There aren't many Minnesotans who've lived a life worthy of a National Geographic cover, so you'll want to listen to Rhoda Brooks. She has some stories to tell.
"That was the beach where we lived. There are all the dugout canoes, that's teaching making baby food, that's my baby food class," Brooks narrated as she leafed through photos recently on her 80th birthday.
The photos are from a National Geographic from the mid-1960s. Brooks and her late husband Earle were among the first wave of Peace Corps volunteers, and they were assigned to Ecuador. The magazine traced their journey.
The Peace Corps was a brand new idea then, created in 1961 by President John F. Kennedy. Rhoda and Earle were in their 20s and filled with passion and idealism for doing good. But there wasn't much that could prepare them as they lived and worked in a very poor neighborhood in the coastal city of Manta where residents lived in dire poverty.
"Poor drinking water, intestinal parasites, disease," she recalled. "There was a huge epidemic when we arrived. People were dying of the bubonic plague."

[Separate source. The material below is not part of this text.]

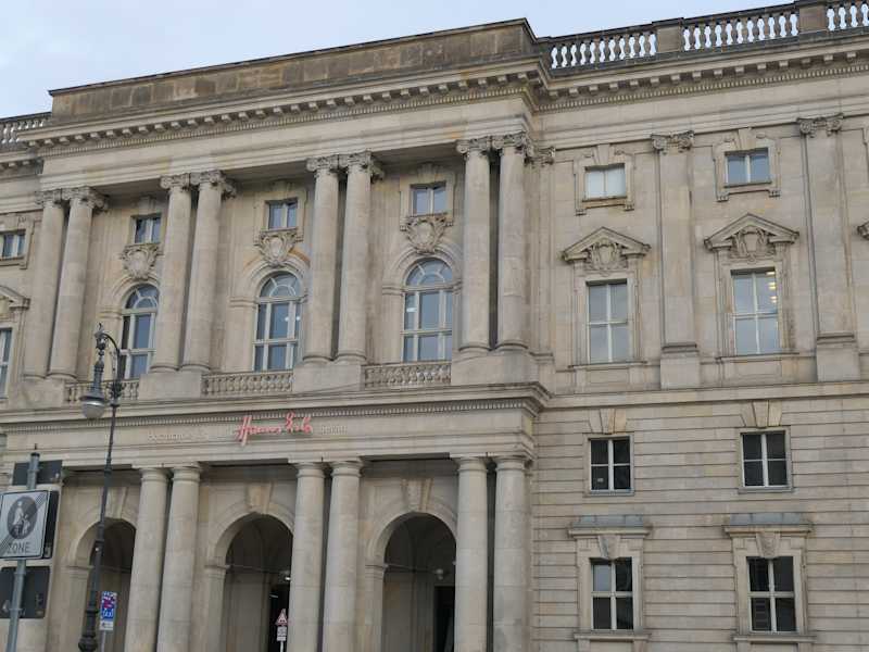 Der Neue Marstall, der sich am Schlossplatz 7 befindet (gegenüber vom Stadtschloss, unmittelbar an der Spree, gegenüber vom Nikolaiviertel), ist ein prächtiges, repräsentatives, sehenswertes Bauwerk in Berlin Mitte. Sowohl vom Schlossplatz, als auch von der Rathausbrücke und vom Spreeufer im Nikolaiviertel aus hat man einen tollen Blick auf den Neuen Marstall. Außer der beeindruckenden Fassade mit dem Eingangsportal sind auch das Karl-Marx-Relief und das Karl-Liebknecht-Relief aus dem Jahr 1988 beachtenswert – diese beiden Reliefs befinden sich an der dem Schlossplatz zugewandten Gebäudefassade. Der Neue Marstall wurde zwischen 1896 und 1901 als Königlicher Marstall errichtet. Bis zum Jahr 1918 waren im Königlichen Marstall bis zu 270 Pferden und 300 Wagen des preußischen Königshofs untergebracht. Ab 1920 wurde dieses prächtige Gebäude als Hauptsitz der Berliner Stadtbibliothek genutzt. Im Zweiten Weltkrieg wurde der Neue Marstall von Bomben getroffen und brannte aus. Nach dem Zweiten Weltkrieg wurde der Neue Marstall zwischen 1950 und 1965 durch die DDR in mehreren Bauabschnitten in vereinfachter und veränderter Form wieder aufgebaut, diverse bauliche Verzierungen wurden dabei weggelassen. Trotz dieser vereinfachten Form ist der Neue Marstall ein imposantes Bauwerk. Bis zur Wiedervereinbarung 1990 beherbergte der Neue Marstall neben der Berliner Stadtbibliothek auch Teile der Akademie der Künste der DDR. Nach der Wiedervereinigung Deutschlands und Berlin erfolgte eine umfangreiche Sanierung und Renovierung. Diese Umbauarbeiten wurden 2005 abgeschlossen. Seit Beendigung dieser Arbeiten im Jahr 2005 befindet sich im Neuen Marstall zusätzlich zur Berliner Stadtbibliothek noch eine Nebenstelle der Hochschule für Musik Hanns Eisler Berlin (die ihren Hauptsitz in der Charlottenstraße am Gendarmenmarkt, gegenüber vom Konzerthaus, hat).

From that time on, she's been committed to community service. She's been a teacher, helped open a summer camp for children with learning disabilities. In between, she's raised kids, co-written a book on her experiences and appeared on a game show.
To this day, the Excelsior, Minn., woman follows the Peace Corps dictum: "We're not here to tell you what your needs are, we want you to tell us what your needs are."